Things To Worry About

There is a lot of good news.  The economy is strong, hunger in the U.S. is at its lowest level in more than a decade, unemployment is low, and wages and salaries had their biggest jump in more than a decade.   Unfortunately, it’s not all roses.  There is also bad news to worry about.  Here are two:

Tariffs

Third quarter GDP growth came in at 3.5 percent (that’s good), but that figure would have been a whopping 5.3 percent if trade had not dragged it down by 1.9 percent.  That was the largest negative contribution to GDP growth in 33 years. 

That brings us to tariffs.  When there is a 10 percent tariff on Chinese goods, most Americans assume China is paying the tariff.  Wrong.  U.S. companies pay and often pass it on to consumers.  Keep that in mind if the current administration follows their plan to raise the tariffs to 25 percent at the start of 2019.

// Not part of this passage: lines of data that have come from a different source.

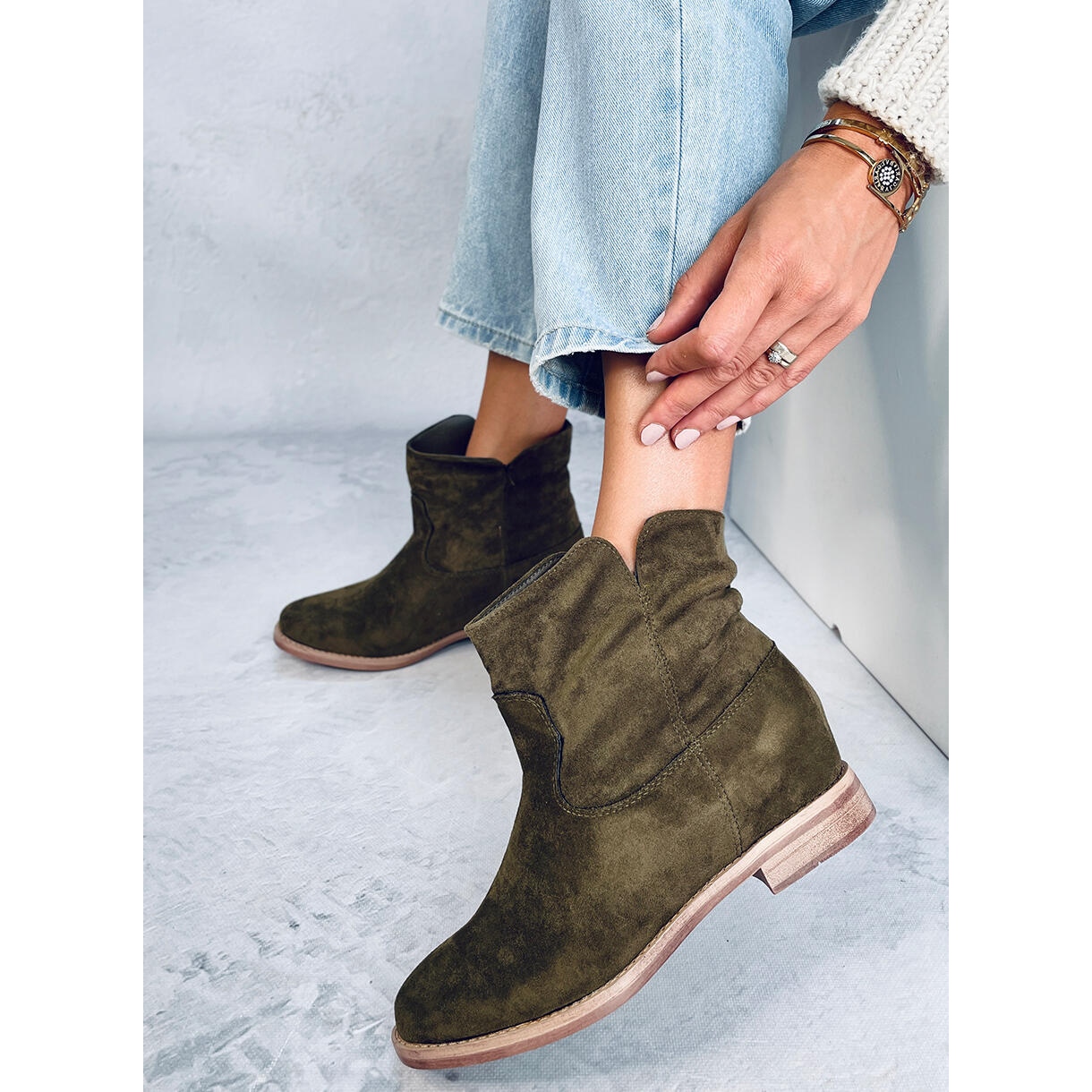 Etsitkö saappaita, jotka lisäävät muutaman senttimetrin luopumatta mukavuudesta? Vihreät hirvien vihreät saappaat piilotetulla kiilalla, jonka korkeus on 5,5 cm, on täydellinen ratkaisu viileämpiin päiviin. Valmistettu pehmeästä ekologisesta mokkanahasta, lämmittävä sisustus herkästä turkista - yhdistä tyyli ja käytännöllisyys.
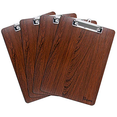 Uquelic 4 Pcs Legno Portablocco Clipboard A5 Cartella Porta Menu Clip A5 con Clip Robusta e Foro per Appendere
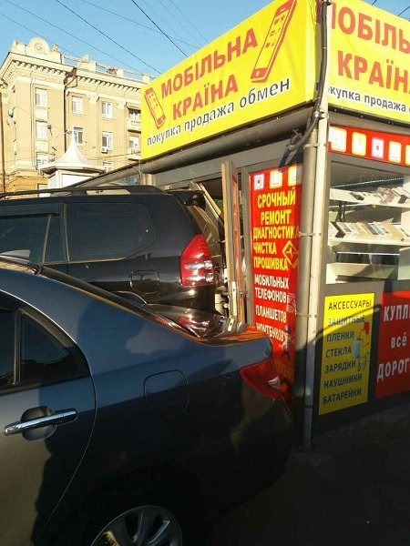 25 мая, на площади Вокзальная автомобиль Toyota Land Cruiser въехал в киоск с мобильными телефонами.
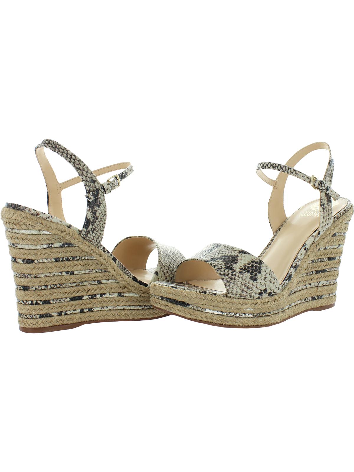 Vince Camuto Women's Marybell Leather Ankle Strap Wedge Sandals Black- White Size 10
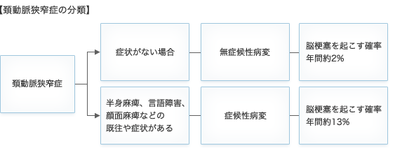 頚動脈狭窄症は診断までに症状を起こしたことがあるかどうかで、大きく二つに分類されます。この二つは同じ病気でありながら、脳梗塞を起こす確率が大きく違うため、分類する必要があります。
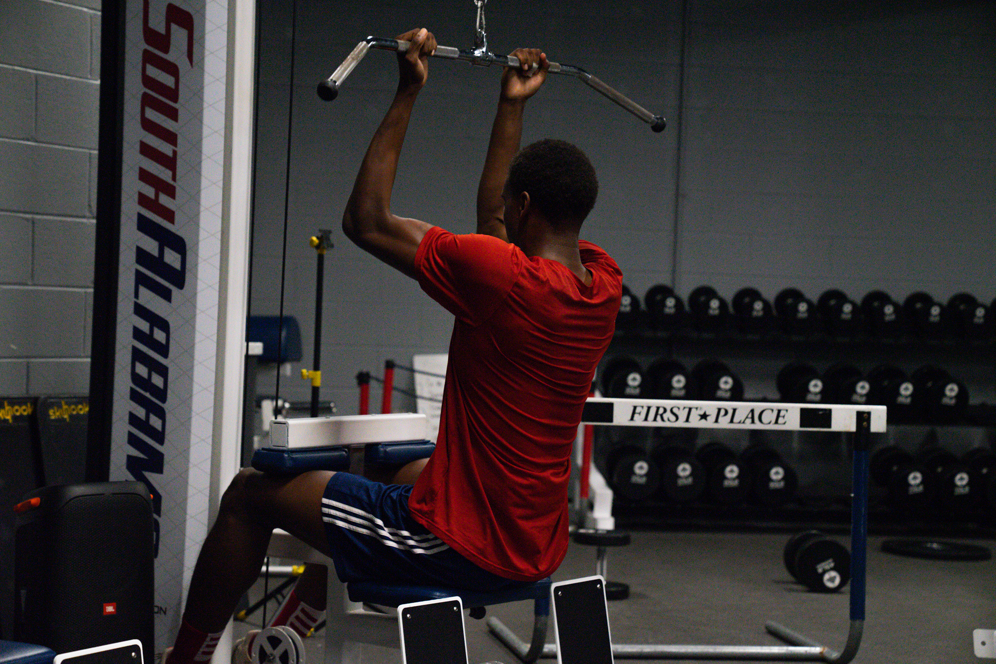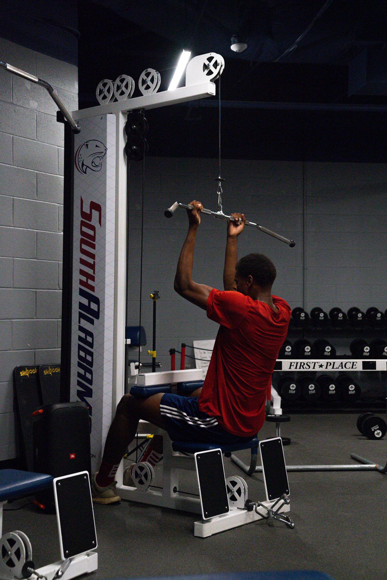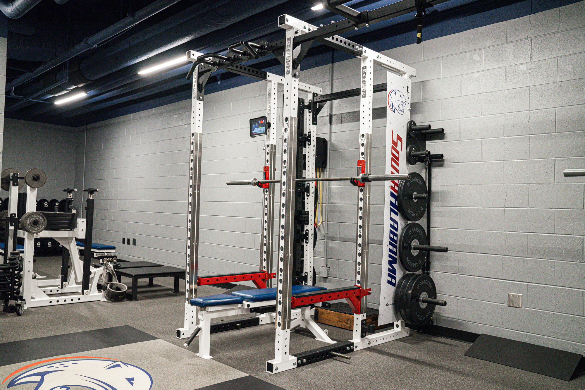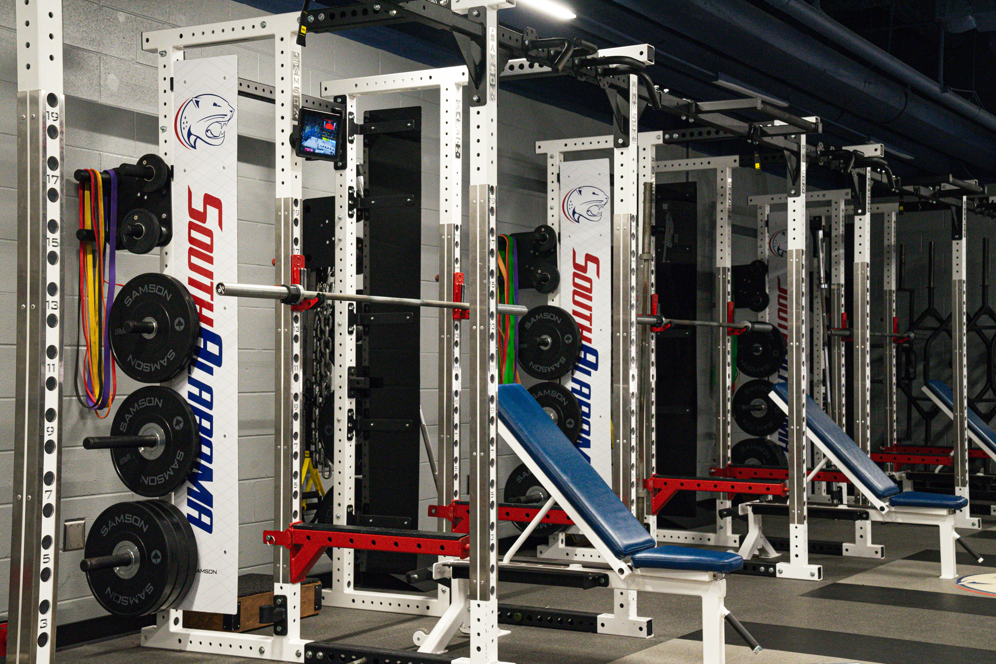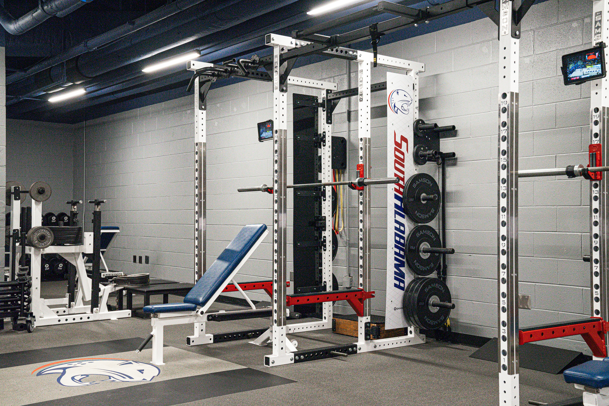 Understanding the constraints posed by a smaller footprint, Samson Equipment has adeptly provided solutions that are not only space-efficient but also multifunctional, ensuring that each piece of equipment can support a wide range of exercises and training protocols. This approach allows the University of South Alabama to offer a comprehensive strength and conditioning program tailored to the unique needs of basketball athletes, all within the confines of a tightly organized space.
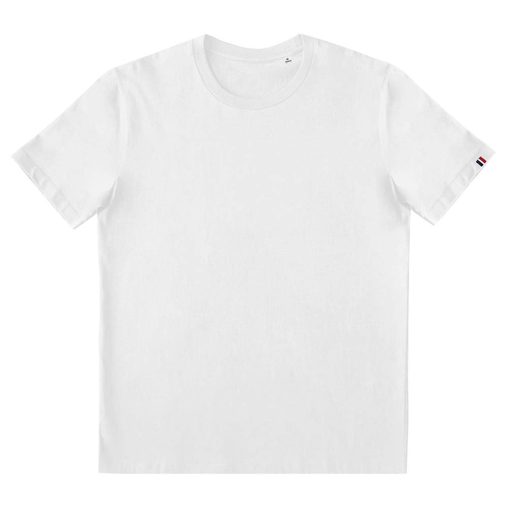 T-shirt unisex made in France. Collo tondo con striscia di pulizia. Taglio confortevole. Modello taglia cucito. Dettaglio tricolore nella parte inferiore del corpo. Composizione: 100% cotone pettinato proveniente da agricoltura biologica. Bordino 100% cotone pettinato proveniente da agricoltura biologica.
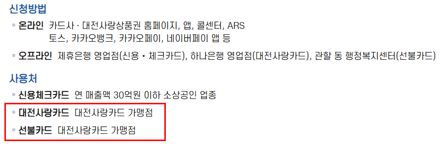 - 대전사랑카드 앱, 홈페이지, 신용/체크카드사 앱 및 웹사이트에서 가능
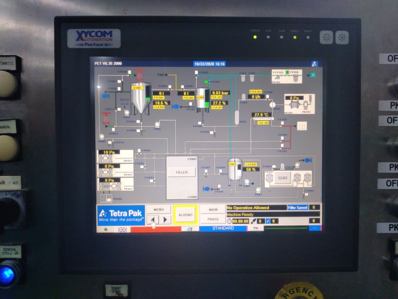 Trong quá trình vận hành hệ thống chiết rót, bộ phận điều khiển hệ thống đưa phôi xảy ra lỗi, biến tần điều khiển kèm theo chương trình của hệ thống này không thể sửa chữa, nếu đặt hàng từ nước ngoài thường mất thời gian từ 4-6 tuần, không đảm bảo tiến độ sản xuất của nhà máy. Vì vậy, với hơn 14 năm kinh nghiệm lắp đặt và sửa chữa biến tần, đội ngũ kỹ sư Hoàng Gia Automation đã tư vấn sử dụng siêu biến tần GD350 kết hợp bộ PLC IVC1L của INVT để thay thế biến tần cũ.
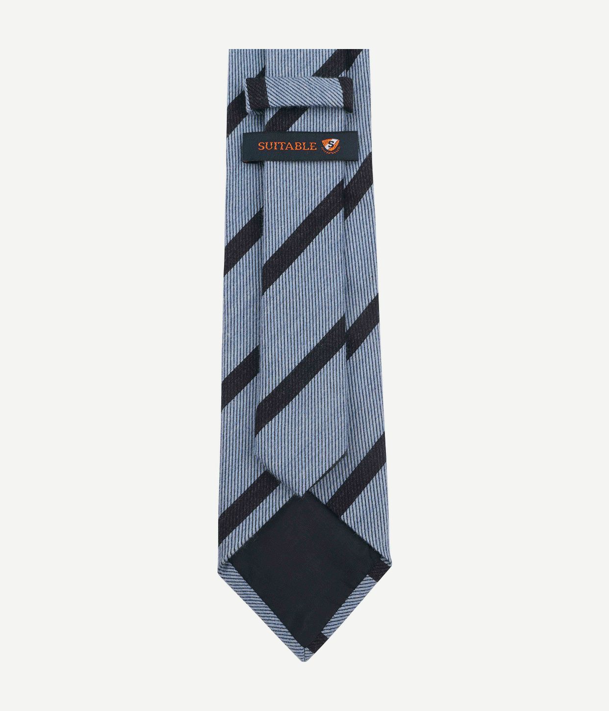 Met zijn breedte van 7cm is deze stropdas klassiek en veelzijdig. U kunt hem prachtig combineren met een blauw of wit overhemd van Suitable voor een coherente, professionele look. De lichte blauwe kleur en het subtiele streepdessin voegen een vleugje finesse toe aan uw ensemble.
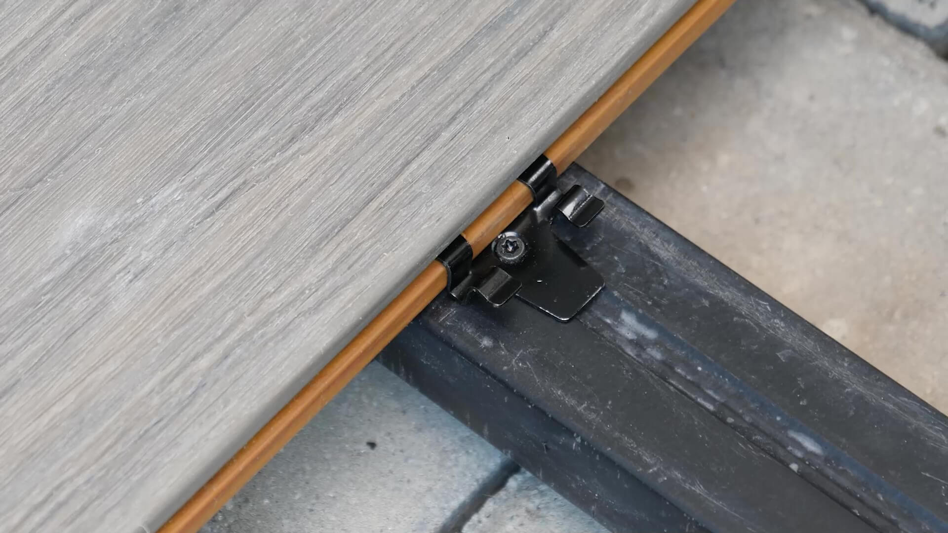 Klips startowy przykręca się do brzegu legara, po czym wsuwa się w ten klips deskę tarasową tak, aby dokładnie przylegała. W specjalne szczeliny wkłada się klipsy montażowe, które połączą deski, ale pozostaną niewidoczne. Do legarów przykręcane są wyłącznie klipsy.
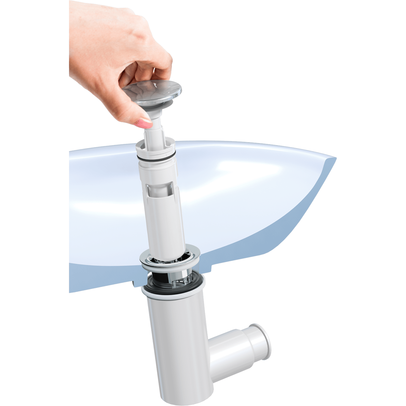 Denne vannlåsen fra Prevex er veldig enkel å rengjøre, og krever ingen verktøy. Denne varianten har en ventil i matt svart, og pop-up funksjon.

When a company switches production from China does that reduce our trade imbalance?  Not necessarily.  Many supply chains are being shifted to other countries, like the Philippines and India. That partly explains why the India ETF (INDA) rose 13 percent and the Philippines ETF (EPHE) rose 8 percent over the last month, even as the rest of the global markets fell.

Our tariffs are causing major disruptions in cross-national supply chains.  That’s putting a strain on international economies.  Can the U.S. economy thrive when other economies are weakening?  It didn’t under Obama and won’t under Trump.  It is a global economy.

U.S. Debt

From 1998 through 2001 our government ran a budget surplus.  That was rare.  The deficit, which is how much we borrow every year, resumed in 2002 but swelled from 2009 through 2012 as a result of the Great Recession.  Once the economy improved, the deficit fell.  Beginning in 2017 it began rising again, and not by a little.  This year’s budget deficit is about double the level it was just three years ago.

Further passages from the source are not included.